Requirement:
Pictures are not part of the copy; reproduce the remaining data exactly.

Given data:
....

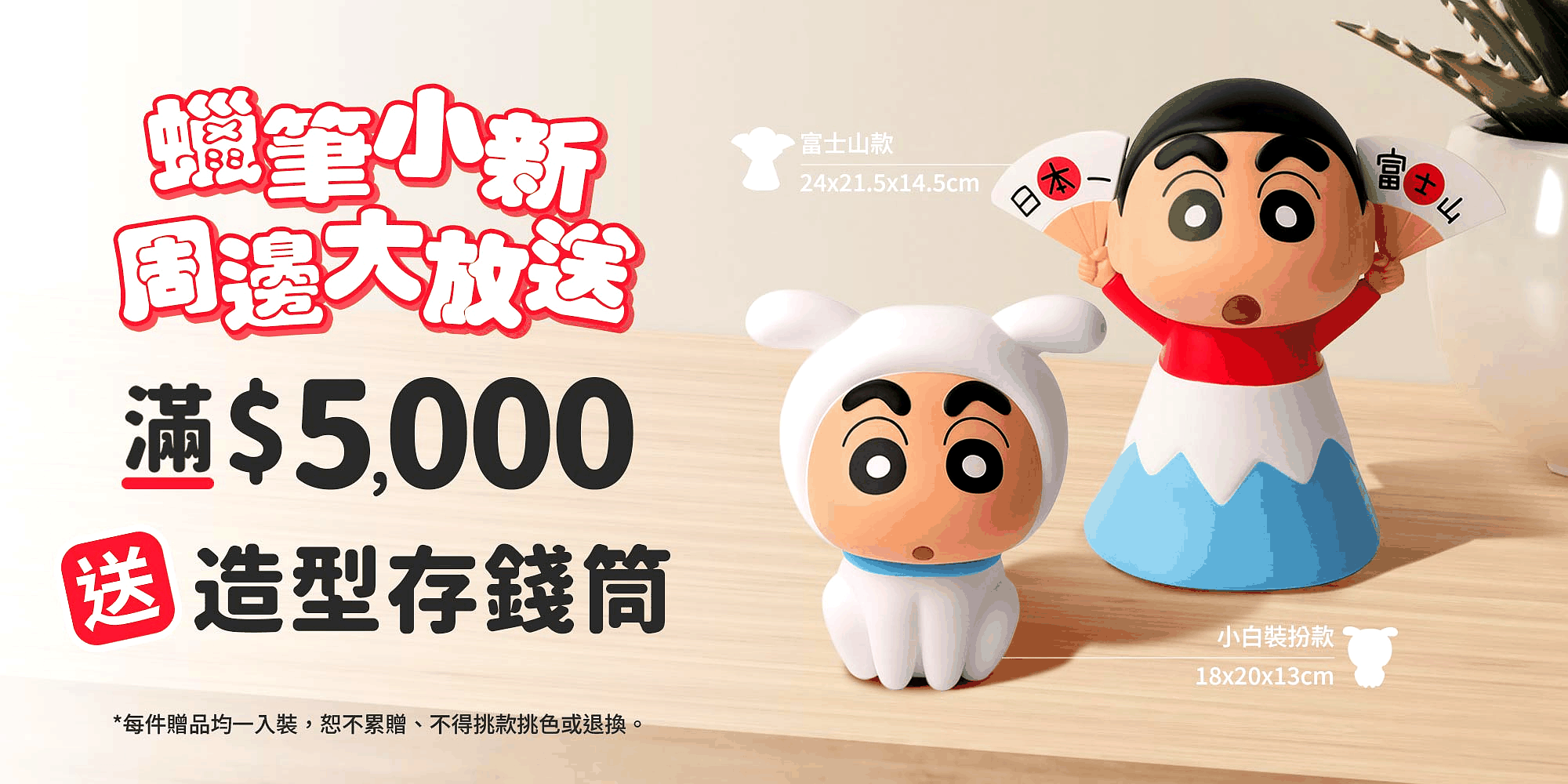 全店,★滿$𝟱,𝟎𝟎𝟎送【蠟筆小新造型存錢筒 (市價:$𝟏,𝟐𝟖𝟎元)】
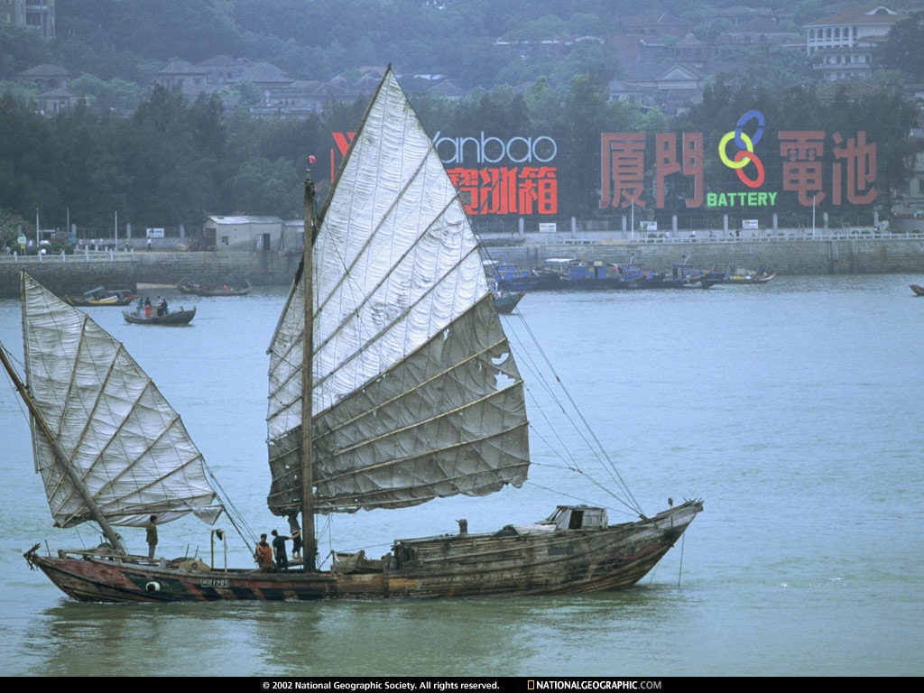 帆船(如图所示),在6个世纪前与印度通商贸易的船貌似就是这种。中国帆船在那个时代是世界最大的船之一。今天的帆船大多用来在扬子江(Yangtze River)运货。尽管中国四通八达的铁路和公路有极大的发展,但河流仍是重要的贸易渠道。
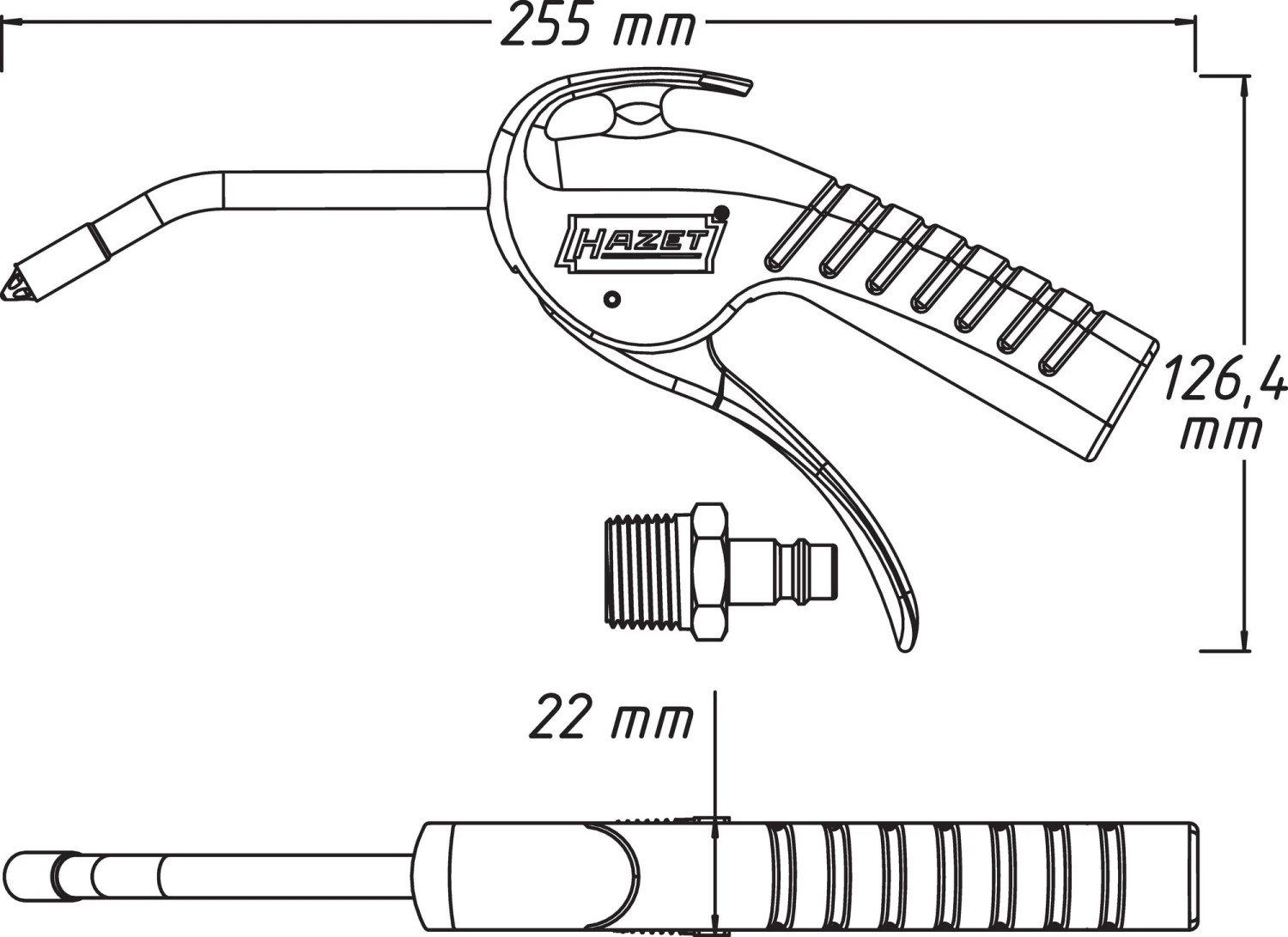 HAZET Ausblaspistole 100 mm geräuscharm mit gebogenem Rohr 9040P-3h

....

Task response:
 全店,★滿$𝟱,𝟎𝟎𝟎送【蠟筆小新造型存錢筒 (市價:$𝟏,𝟐𝟖𝟎元)】
 帆船(如图所示),在6个世纪前与印度通商贸易的船貌似就是这种。中国帆船在那个时代是世界最大的船之一。今天的帆船大多用来在扬子江(Yangtze River)运货。尽管中国四通八达的铁路和公路有极大的发展,但河流仍是重要的贸易渠道。
 HAZET Ausblaspistole 100 mm geräuscharm mit gebogenem Rohr 9040P-3h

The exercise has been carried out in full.